WHAT THE EXERCISE ASKS: Don't include pictures. Quote the lines below from the first through the line that contains "Zelené společenské šaty".

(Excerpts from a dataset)

•••••

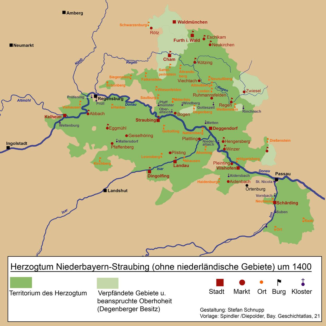 Das Herzogtum Niederbayern-Straubing um 1400 (Gestaltung: Stefan Schnupp; Vorlage: Spindler/Diepolder, Bay. Geschichtsatlas, 21)
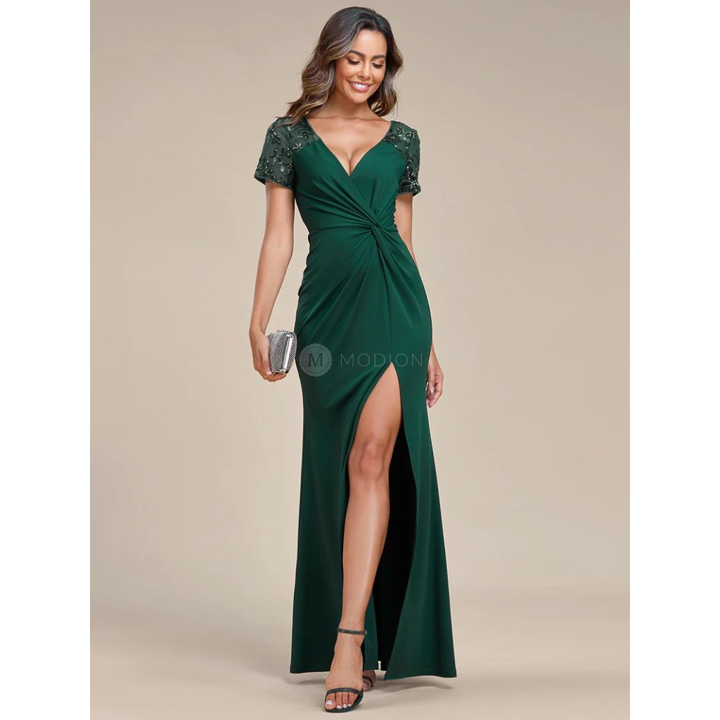 Zelené společenské šaty dlouhé s rozparkem a flitry – Ever Pretty EM01669DG
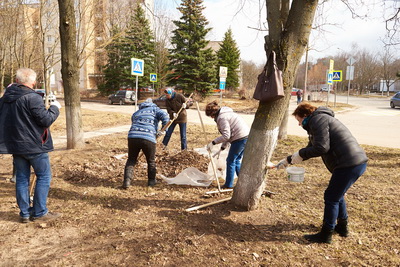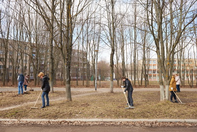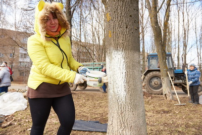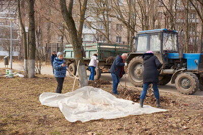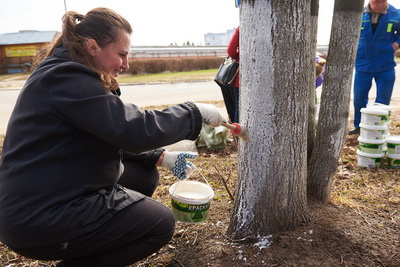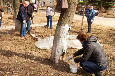 Работники предприятия очистили территорию от прошлогодней листвы, убрали бытовой мусор, очистили тротуары от смета, а также побелили стволы деревьев.
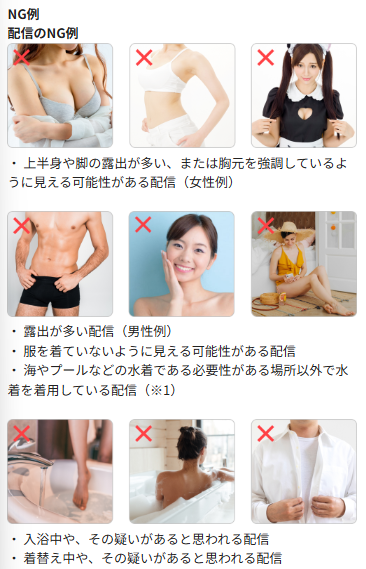 具体的には、露出が多い衣装や裸を連想させるような格好での配信は認められていません。
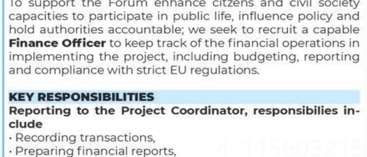 To support the Forum enhance citizens and civil society capacities to participate in public life, influence policy and hold authorities accountable; we seek to recruit a capable Finance Officer to keep track of the financial operations in implementing the project, including budgeting, reporting and compliance with strict EU regulations.
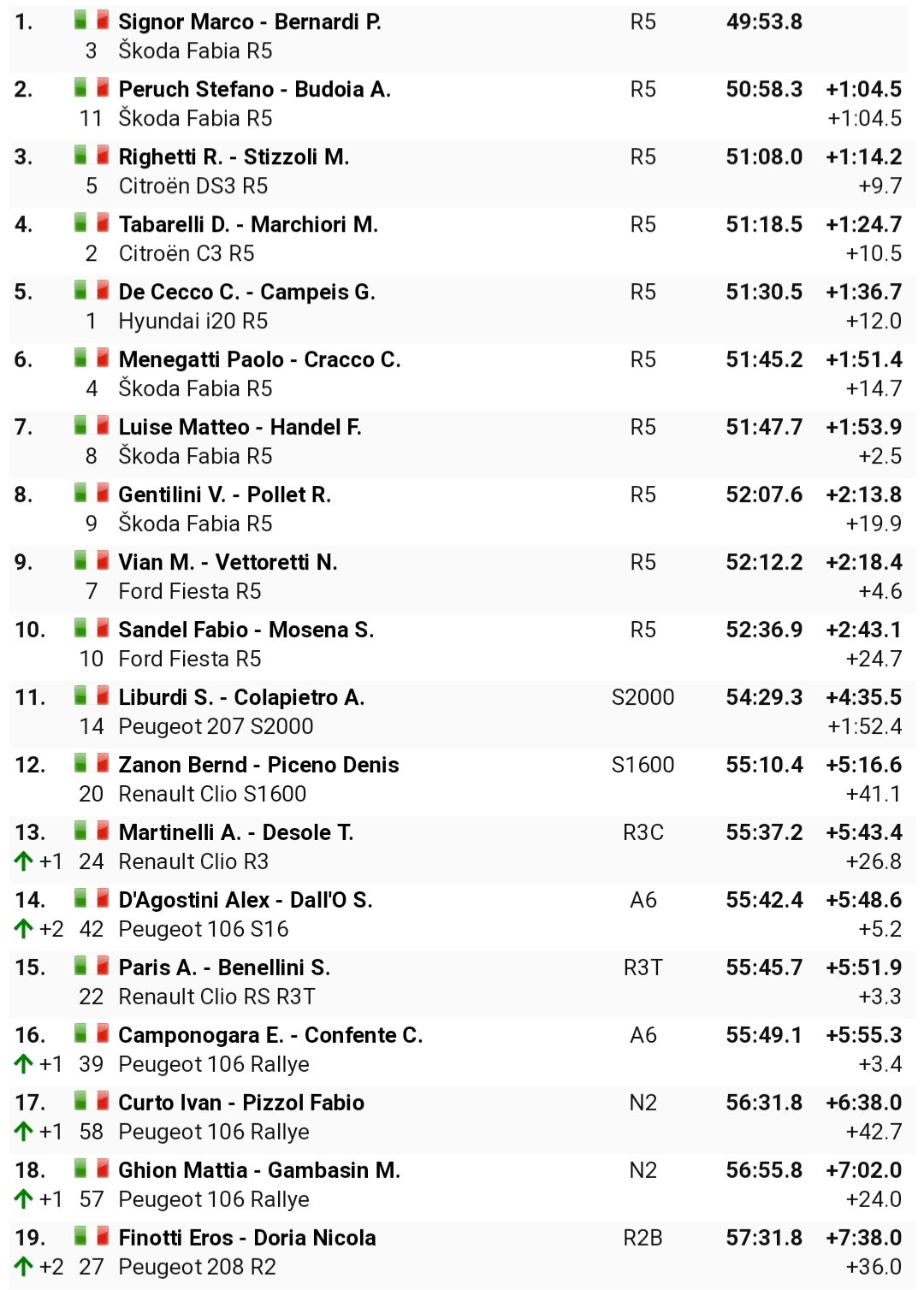 Sul podio sono saliti anche Budoia-Peruch (Skoda Fabia), secondi a 1.04.5 e Righetti-Stizzoli (Citroen Ds3), terzi a 1.14.2 dai vincitori. Tabarelli e De Cecco, altri due piloti che il Bellunese lo hanno già vinto in passato (ben quattro volte il friulano che ne è il primatista) si sono dovuti accontentare, rispettivamente del quarto e quinto posto assoluto, forse a conferma che il lavoro che li attende per “prendere in mano” Citroen C3 e Hyundai I20 è tanto.

•••••

YOUR SOLUTION:
 Das Herzogtum Niederbayern-Straubing um 1400 (Gestaltung: Stefan Schnupp; Vorlage: Spindler/Diepolder, Bay. Geschichtsatlas, 21)
 Zelené společenské šaty dlouhé s rozparkem a flitry – Ever Pretty EM01669DG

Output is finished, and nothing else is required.